The third priority is to improve the efficiency of vehicles across transportation modes. ICEV engines have become ever more fuel-efficient, but more people buy bigger cars, offsetting these gains. Because electrification will take time, climate goals cannot be achieved without major additional efficiency measures for the ICEV fleet. In the International Energy Agency’s net zero emission scenario, such measures contribute more emission benefits by 2030 than electrification of vehicles (see figure 1.2). So far, the trend toward larger, heavier vehicles is also evident in the EV market, with many EVs replacing relatively fuel-efficient ICEVs rather than heavily polluting clunkers. One study for the United States found that EVs replaced ICEVs whose fuel economy was 4.2 miles per gallon better than average, and 12 percent of EV buyers replaced hybrid vehicles (Xing, Leard, and Li 2021).
According to United Nations estimates, behavioral changes triggered by avoid and shift strategies—traveling less and switching to more sustainable modes—can reduce about 15 percent of the CO2 emissions required to meet the Paris Agreement climate target of limiting global average temperature rise to 1.5°C (UNFCCC 2020). Although the behavioral contribution to CO2 emission reductions seems minor, by 2030 it can more than halve the share of EVs in the global vehicle fleet that would be required to get to net zero emissions—from 45 percent to 20 percent (IEA 2021a). Further, these behavioral changes will deliver many additional social and environmental benefits, including lower congestion, greater road safety, more equitable access to transportation, and decreased land consumption.

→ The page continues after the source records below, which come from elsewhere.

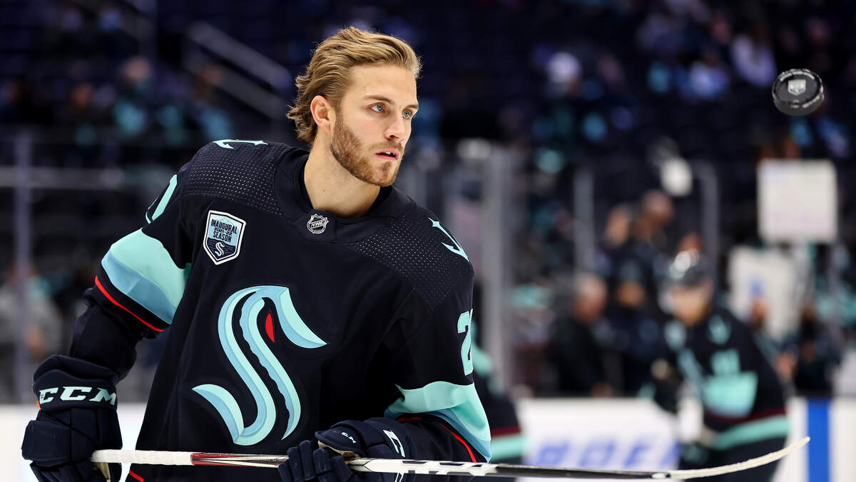 SEATTLE, WASHINGTON - DECEMBER 29: Alex Wennberg #21 of the Seattle Kraken warms up before the game against the Philadelphia Flyers at Climate Pledge Arena on December 29, 2021 in Seattle, Washington. (Photo by Steph Chambers/Getty Images)Photo: Getty Images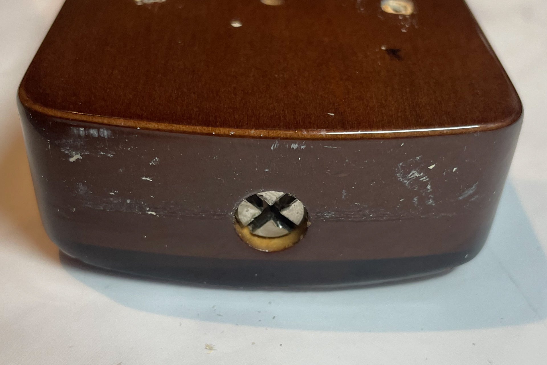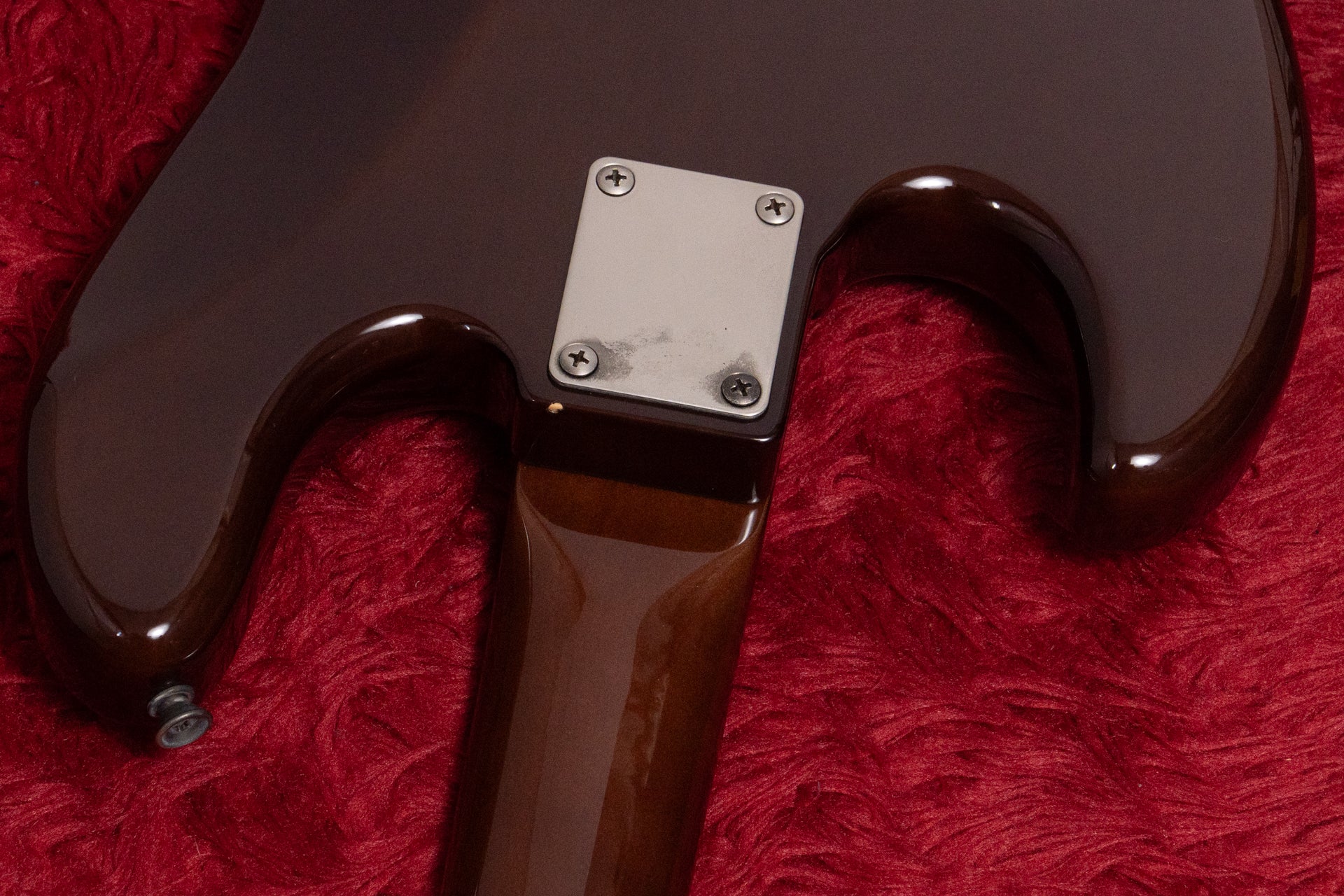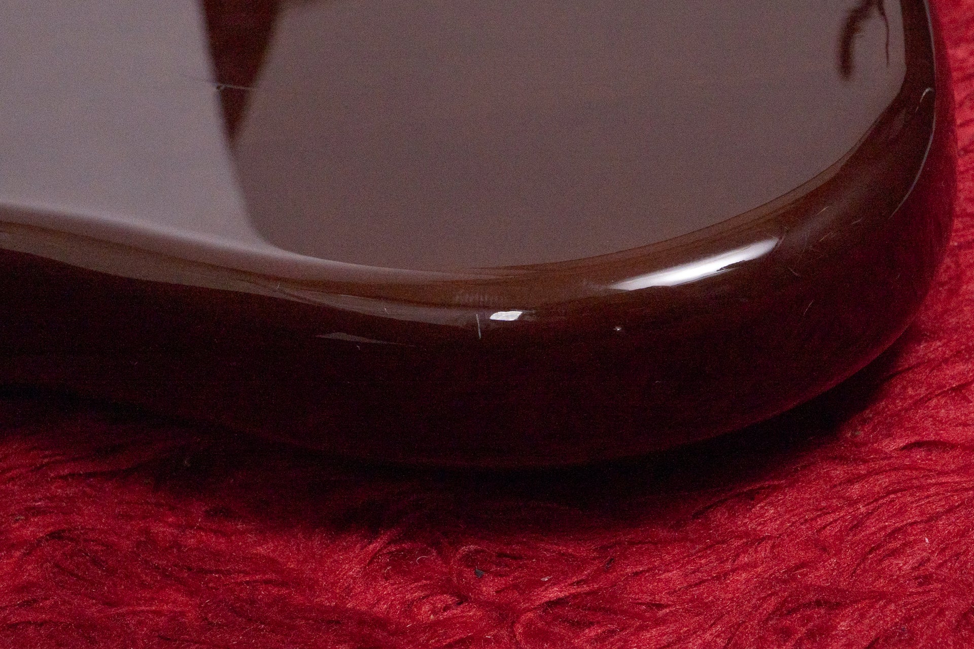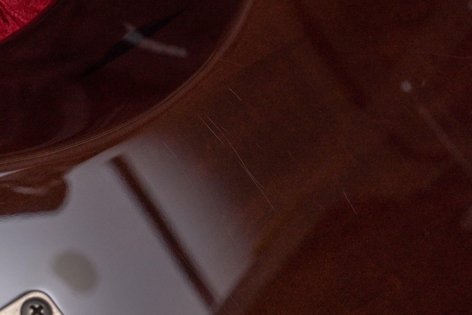 The body and finish show minor scratches and dents. There is also paint peeling near the neck joint.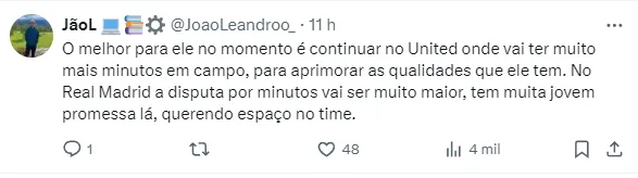 Isso porque, de acordo com o Defensa Central, da Espanha, o Real Madrid está interessado na contratação do argentino Alejandro Garnacho, que vem se destacando no Manchester United.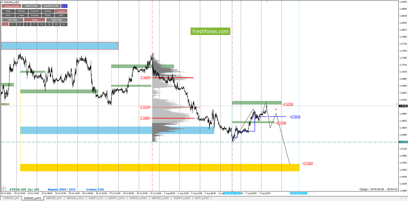 Среднесрочная тенденция: в шорт. Максимальное скопление объемов последнего импульса среднесрочного падения - 1.15887, 1.16157 и 1.16887 и в настоящий момент пара пробила некоторые из указанных скоплений, что указывает на слабость продавцов.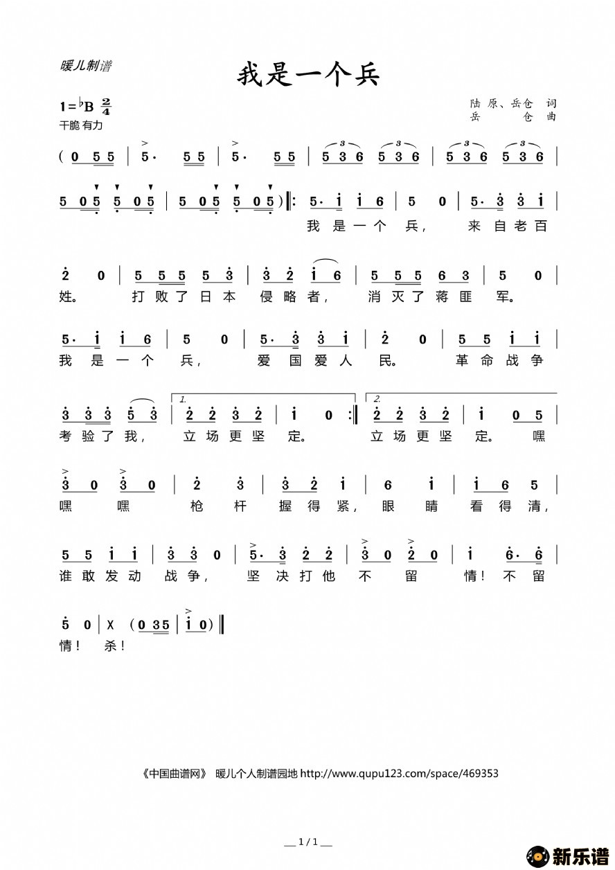 演唱的我是一个兵歌词,我是一个兵最新曲谱.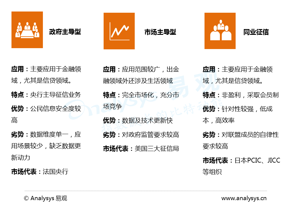 依据个人征信主体的不同,目前国际上主流的个人征信分为政府主导型、市场主导型以及同业征信三种模式。依据国情不同,三大个人征信模式各有特点,目前我国主要是以央行个人征信中心为主的政府主导型,但市场化的苗头也已显露。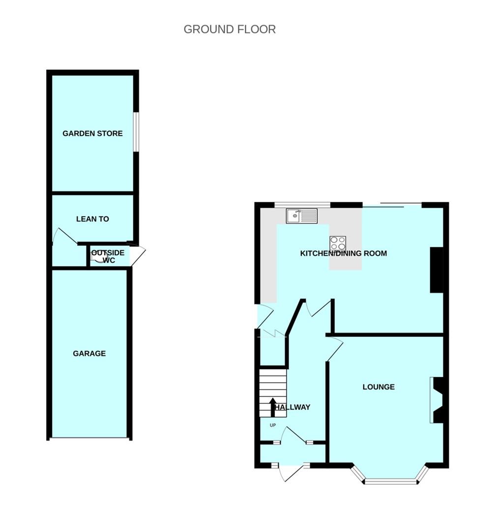 Up-&-over door to the front elevation. Space and plumbing for washing machine. Power and lighting. Obscured window to the side elevation.
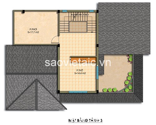 Tầng 3: 1 p.thờ, 3 p.ngủ, 2 wc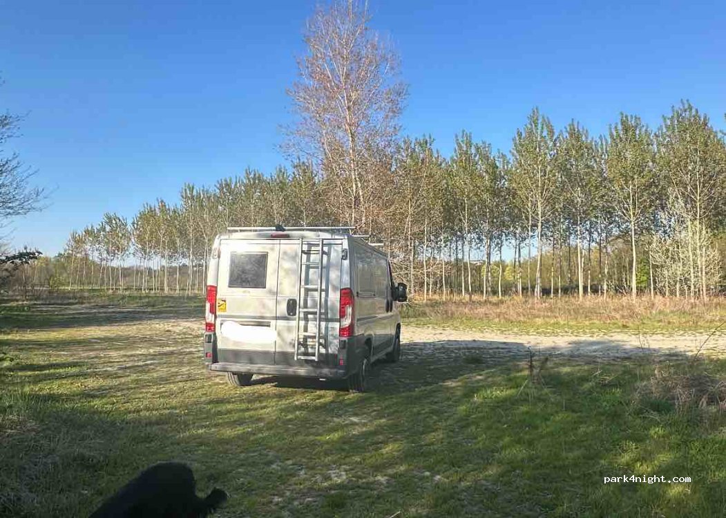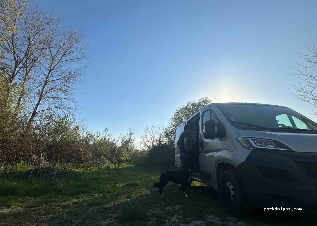Very quiet, calm and pleasant little spot on the riverbank. Access path a little complicated (especially in rainy weather, to be avoided), but doable with our Jumper if you go slowly. Maybe a few mosquitoes in the summer but for our visit in April it was perfect. Beautiful sunset and sunrise, very clear. We spent only one night there but will not hesitate to come back if we pass through the area.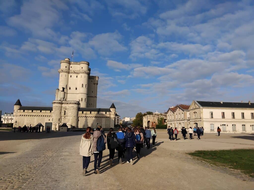 Dans le parc floral, les paons se déplacent en liberté. « Des fleurs, de grandes pelouses, de petits lacs, c’est magnifique », s’extasie Thaïs. Face au château de Vincennes, les élèves vont pique-niquer et jouer : balles aux prisonniers, gamelles… « On ne se connaît pas toutes très très bien. Cette journée, c’était un bon moyen de souder la classe », explique Thaïs.

Transportation sustainability has many aspects, and decarbonizing the transportation sector in a way that supports global climate goals will require a multidimensional approach that involves all aspects of the Avoid-Shift-Improve framework. An efficient and well-planned transition to electric mobility will play an important role. Industrialized countries have the financial and technical resources to promote a quick shift, but it will be much more difficult for lower-income countries to develop an effective and affordable electric mobility strategy. When to embark on this transition and how to design and implement an EV strategy are discussed in the chapters that follow.
Notes
1. Data in this section are from the World Road Statistics 2020 database, International Road Federation, Geneva, Switzerland, https://worldroadstatistics.org/
2. World Bank staff estimate based on World Road Statistics data.